However, at last I felt sure that the gale was moderating. There were not such high waves, they did not boil down on us so furiously, they were longer too, not so steep, and we were certainly riding more easily. Dobson at last agreed: "'E's in a good 'umour, I do believe."
The nakhoda's wicked old face was a good enough barometer. As the wind and the sea fell, so did his face look more glum, until at last, when there was no manner of doubt that the gale was fast dying down, he scowled angrily. What idea he had in his cunning old head, I did not know.
"We'll be able to start rigging a jury-rudder soon," I told Dobson, "hoist a bit of sail, and bear away towards Jask."
I had given up any possibility of beating up to the Bunder Abbas. If I could get into Jask the political agent would soon charter me a dhow to go back and look for her.

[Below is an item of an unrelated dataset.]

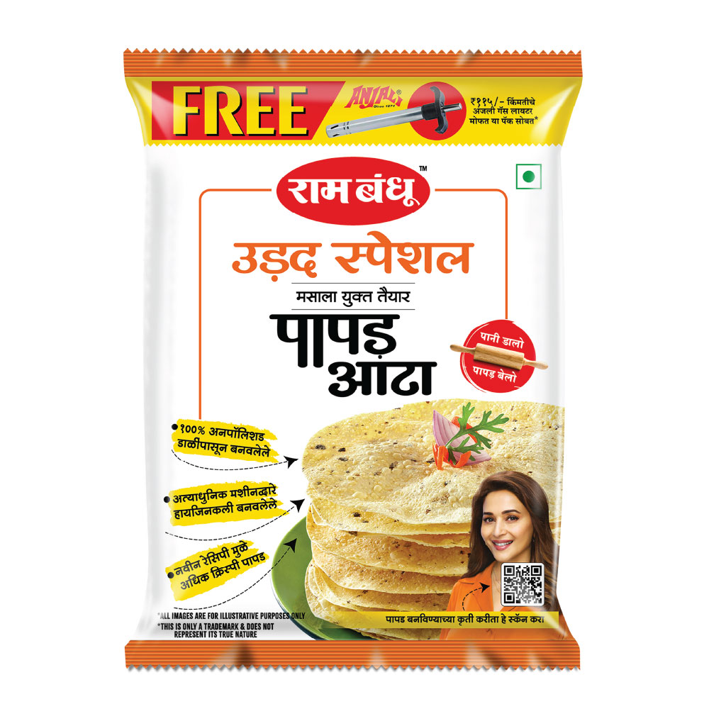 “Pani dalo papad belo” – the simple mantra of Rambandhu’s pioneering Papad atta product. This papad atta comes with all the required spices already blended within it (including Kali Mirch [Black-Pepper] & Hira Hing [Premium Asafoetida]) in perfect proportion to make the housewife’s job easier; producing tasty, crunchy papad every time.

Well, we made that jury-rudder. It took us two hard-working hours, and without the help of the Arab crew we could not have made it. A clumsy thing it was; a triangle made of balks of timber, with one long projecting plank at each corner for the steering ropes. We also managed to secure the lower after end of what remained of the sail, binding a rope round it to act, later on, as a sheet.
There were still six able-bodied Arabs, not counting the nakhoda. The wounded man (the one who could not walk) had been washed overboard by the first big sea which struck us. The wounds of the others were not worth troubling about. As far as I remember, Dobson's fists had made them; certainly they had not been struck with bullets, because Jaffa was the only one on board who had shown himself able to hit a haystack at ten yards.
Having completed the jury-rudder we rested until the falling wind and sea allowed us to use it. We took it "turn and turn about" to keep watch, Jaffa and I, Dobson and Wiggins—nothing to do and two to do it. The only thing we had to do was to keep an eye on the treacherous old nakhoda.
The afternoon slipped by; the sun began to set in all its grandeur, and only a few gloriously-tinted clouds, scudding across the sky, were left to remind us that nature had been in such an angry mood. The wind and the sea seemed to sink to rest with the sun; only an occasional sobbing gust moaned through the rigging, and, rising from the sea, a huge full moon, like a burnished silver plate, set deep in a dark indigo sky, flooded us with light.
It was now possible to try to bring the dhow under control; so, first of all, overboard went the jury-rudder, with two hawsers lashed to those projecting planks, and led to either side of the poop. Then we hoisted a little of our tattered sail, cut away the grass hawser to the sea-anchor, and, the breeze—it was only a breeze now—blowing steadily and softly from the north-west, filling the sail gently, we squared the yard and let her "rip".
But the jury-rudder would not act as a rudder. It was too clumsy, and the ropes attached to it too heavy. Twenty men on each would have been scarcely sufficient to work it. However, it kept our stern to the wind—acting as a drag on the dhow—and we scudded merrily away to the south-east at about three knots. I imagined that we were about eighty miles to the south-west of Jask, and hoped that as the breeze backed, as it generally did for some time after a shamel, we should be presently blown away to the east.